One week after defeating Liberal Leader Justin Trudeau's attempt to open MPs' expenses to public scrutiny, the NDP has won approval for a proposal of its own.
New Democrat MP Peter Julian won unanimous consent late Tuesday for a motion aimed at creating an independent body to oversee House of Commons spending, including MPs' expenses.
The new oversight body would replace the secretive board of internal economy, a multi-party committee that is currently responsible for the financial administration of the Commons.
Julian said the idea is to enhance transparency and ensure that MPs are no longer in charge of policing themselves.
But whereas Trudeau's proposals — dismissed by the NDP last week as a "stunt" — would have taken effect immediately had he won unanimous consent, Julian's proposals could take almost a year to produce any result.
His motion calls for public hearings — involving the auditor general and the Commons chief financial officer — to examine the creation of a new oversight body.
It anticipates that any resultant changes to the disclosure and reporting of MPs' expenses would not be implemented until April 2014.
The NDP said it has been working on the proposals for over a year.
"It's time to have a serious debate about this issue. We need to move beyond stunts and political games," Julian said in a written statement.
Conservatives said they supported Trudeau's attempt last week to require MPs to publicly post their travel and hospitality and office expenses quarterly, among other things.

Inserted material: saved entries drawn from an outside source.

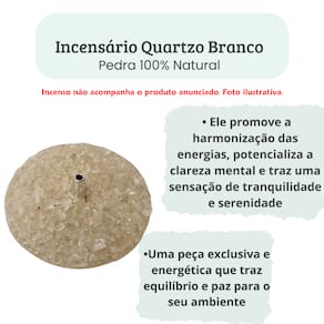 Transforme o seu espaço em um ambiente de tranquilidade e equilíbrio com o Incensário de Pedra Natural Quartzo Branco. Feito de quartzo puro, este incensário não apenas embeleza o seu lar, mas também potencializa as energias de cura e limpeza, criando uma atmosfera serena e energizante. Cada peça é única, com veios naturais e detalhes que refletem a beleza da natureza.
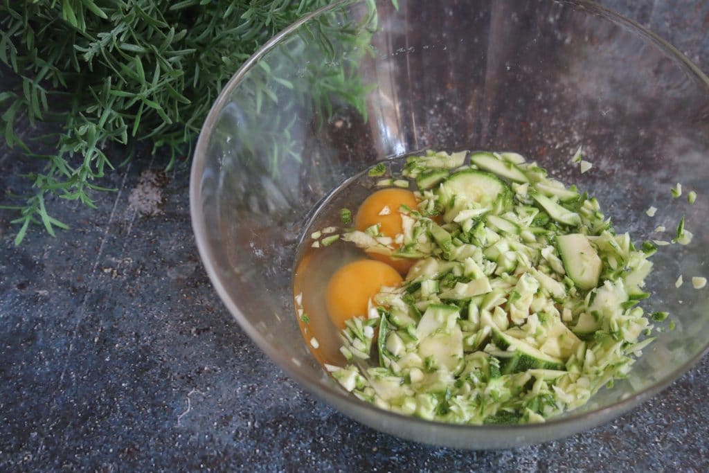 • Ohne die Zucchini zu schälen, schneiden Sie sie mit dem Schnurhäcksler in Stücke und geben Sie sie zusammen mit den Eiern in eine Schüssel.
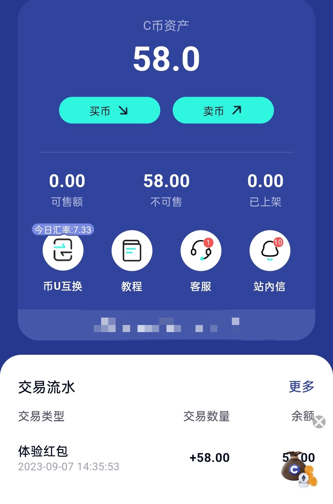 提到c币100,58还是不能用啊
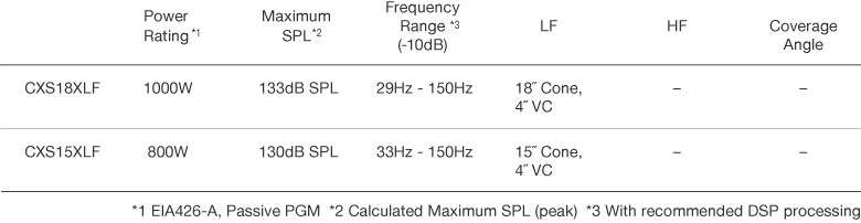 CXS XLF ซีรีส์เป็นซับวูฟเฟอร์แบบพาสซีฟที่ให้กำลังขับสูงและเสียงย่านความถี่ต่ำที่โดดเด่นด้วยโครงสร้างที่มีน้ำหนักเบา พกพาได้ง่ายและแข็งแรงทนทาน สัมผัสย่านเสียงต่ำที่แตกต่างไปจากเดิม ซับวูฟเฟอร์แบบพาสซีฟ CXS XLF ซีรีส์สามารถขยายความถี่ต่ำของระบบลงไปที่เริ่มต้นที่ 29Hz เพื่อขีดความสามารถความถี่ต่ำที่น่าทึ่ง
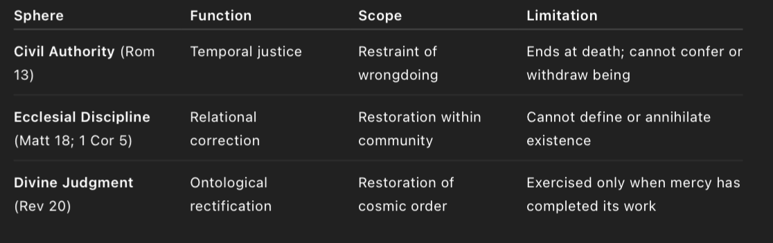 Scripture consistently distinguishes relational boundary from ontological annulment. Human communities may act within the sphere of relationship—correcting, separating, restoring—but never within the sphere of being itself.
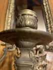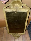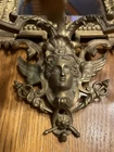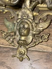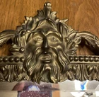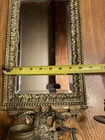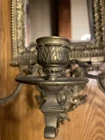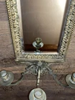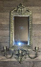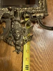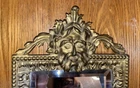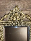 This is an Estate Sale find. It will be sent to you in the condition in which it was found. I believe it is brass as a magnet does not attach. This is an Antique Poseidon? Wall Mirror with a Triple Sconce design in Gold Brass. There is also a woman at the bottom at the mirror. The mirror features a Mythological Greek theme with a beveled edge glass. It has a Victorian style and measures 22 inches in height and 8.5 inches in width. The frame is made of brass with a mirrored finish, giving it an antique look. This is a large heavy piece.
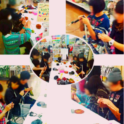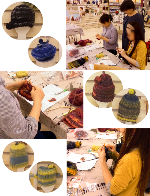 こちらは、棒針で編むザクザクニット帽のワークショップ。初心者や手あみはまったく
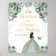 This elegant and glamourous birthday party welcome sign features a beautiful princess with dark skin in a sage green ball gown. The text combines handwritten script and modern sans serif fonts for a classy and sophisticated look. The floral arrangements, butterfly and gold confetti create the perfect blend of rustic and chic.
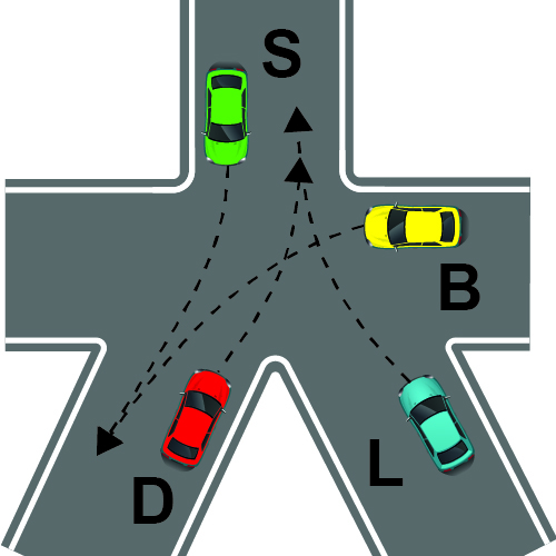 Në kryqëzimin e paraqitur në figurë, duhet të zbatohet rregulli i dhënies së përparësisë nga e djathta.
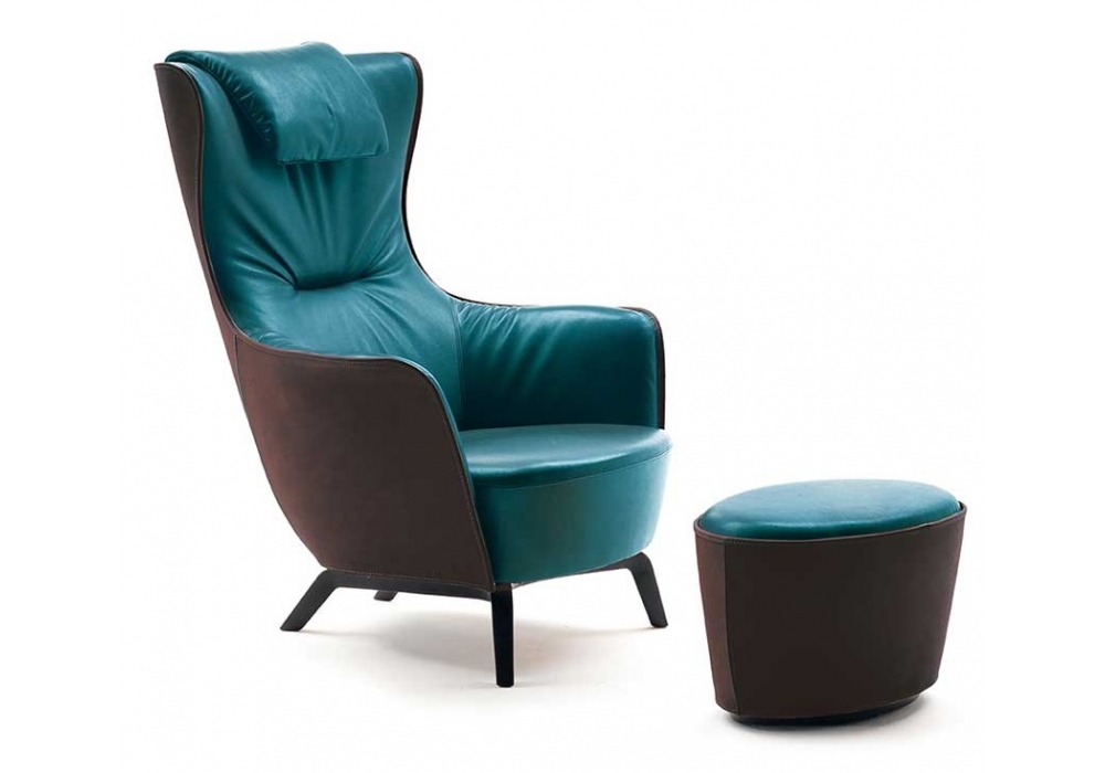 Mamy Blue designed by Roberto Lazzeroni for Poltrona Frau is a pouf with structure and seat upholstered in different finishes.

New Democrat MPs denied unanimous consent so his effort failed.
Trudeau has said Liberal MPs will begin posting their expenses online in the fall, regardless of what other parties choose to do.
Julian said the NDP is deliberately taking its time because the matter is too serious to be dealt with "at a moment's notice," as Trudeau tried to do.
"It gives members of Parliament a chance to think about it over the summer," he said in an interview.
Bills pushed through
Julian's motion passed at the same time as MPs voted unanimously to adjourn the Commons for the summer, ending the most bitter spring sitting of Parliament since Stephen Harper's Conservatives came to power more than seven years ago.
All parties agreed late Tuesday night to pull the plug after passing a handful of bills without further debate, including:
- S-15, a bill to make Nova Scotia's Sable Island a national park.
- C-54, which amends the Criminal Code to create a new category of "high-risk accused" that puts more restrictions on people with mental illnesses who commit offences.
- C-32, which amends the Civil Marriage Act to "make all marriages of non-resident couples performed in Canada valid under Canadian law ... and allow these couples to end their marriages if they cannot get a divorce where they live," intended to close a loophole that affected some same-sex couples.
The House of Commons calendar had MPs remaining at work in Ottawa through the end of this week. However, proceedings in the House had devolved into acrimonious mud-slinging.
The government remains under a potentially criminal cloud over a $90,000 cheque that was provided by the Prime Minister's chief of staff to pay off the improper housing expense claims of Senator Mike Duffy.
The Conservatives responded with a loud counter-attack that involved questioning Liberal Leader Justin Trudeau's past moonlighting as a paid public speaker and the driving habits of NDP Leader Tom Mulcair.
Harper has spent the past week in Europe for a G8 summit, avoiding the scrutiny of the daily question period in the Commons, but he returns to Ottawa Wednesday morning and will begin preparing for a Conservative party policy convention in Calgary later this month and an anticipated summer cabinet shuffle to shake up his front bench.